### The data ###
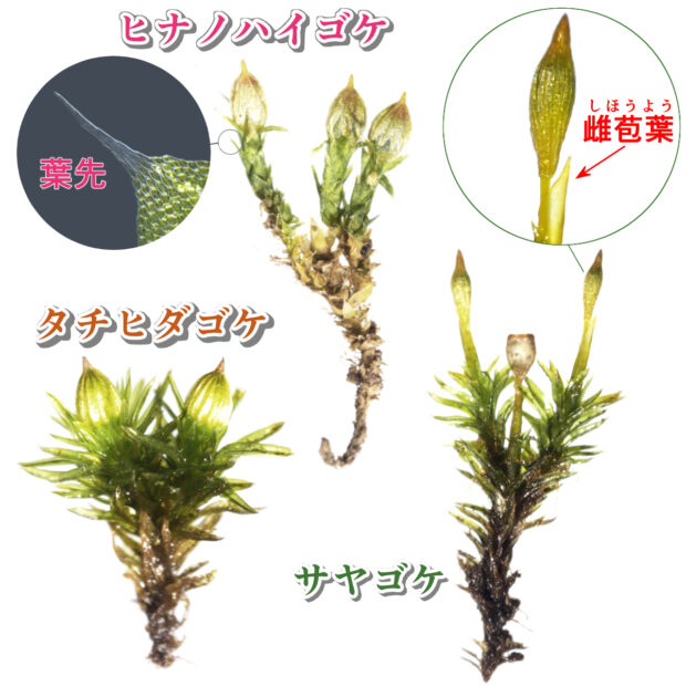・サヤゴケは蒴柄が長く、 サヤ状の雌苞葉(しほうよう)がそれを包む。 葉先は透明にならない。
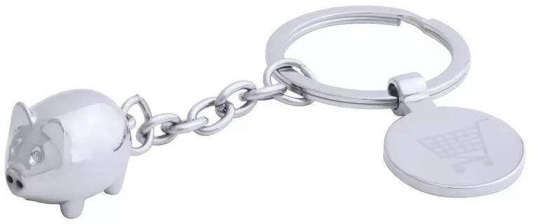 Termék jellemzői: Malac alakú kulcstartó, bevásárlókocsi érmével, hátán fényes króm borítással. Csak az érme hátulja gravírozható körvonalasan. Fekete kartondobozba csomagolva szállítjuk. Gravírozási technika : Körvonalas (mechanikus) Érme méret:23mm, vastagság 2mm Anyaga : Fém, fényes króm borítással Kulcshoz való csatlakozás:hagyományos kulcskarika.
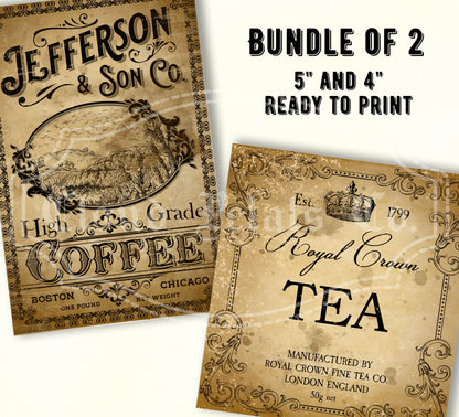 Bring vintage charm to your kitchen with this printable set of Vintage Style Kitchen Labels. Designed for coffee and tea, these rustic jar tags feature aged textures and antique-inspired typography, perfect for farmhouse kitchens, DIY pantry organization, or primitive-style crafts. Print them at home and use them on glass jars, containers, or gift packaging for a warm, handmade look. Great for labeling kitchen essentials while adding timeless style to your space.
###
▶ **What to produce**:
Please, leaving out all pictures, transcribe exactly the lines above from the one containing "Termék jellemzői: Malac" through the final line, both included.

▶ **Exercise response**:
 Termék jellemzői: Malac alakú kulcstartó, bevásárlókocsi érmével, hátán fényes króm borítással. Csak az érme hátulja gravírozható körvonalasan. Fekete kartondobozba csomagolva szállítjuk. Gravírozási technika : Körvonalas (mechanikus) Érme méret:23mm, vastagság 2mm Anyaga : Fém, fényes króm borítással Kulcshoz való csatlakozás:hagyományos kulcskarika.
 Bring vintage charm to your kitchen with this printable set of Vintage Style Kitchen Labels. Designed for coffee and tea, these rustic jar tags feature aged textures and antique-inspired typography, perfect for farmhouse kitchens, DIY pantry organization, or primitive-style crafts. Print them at home and use them on glass jars, containers, or gift packaging for a warm, handmade look. Great for labeling kitchen essentials while adding timeless style to your space.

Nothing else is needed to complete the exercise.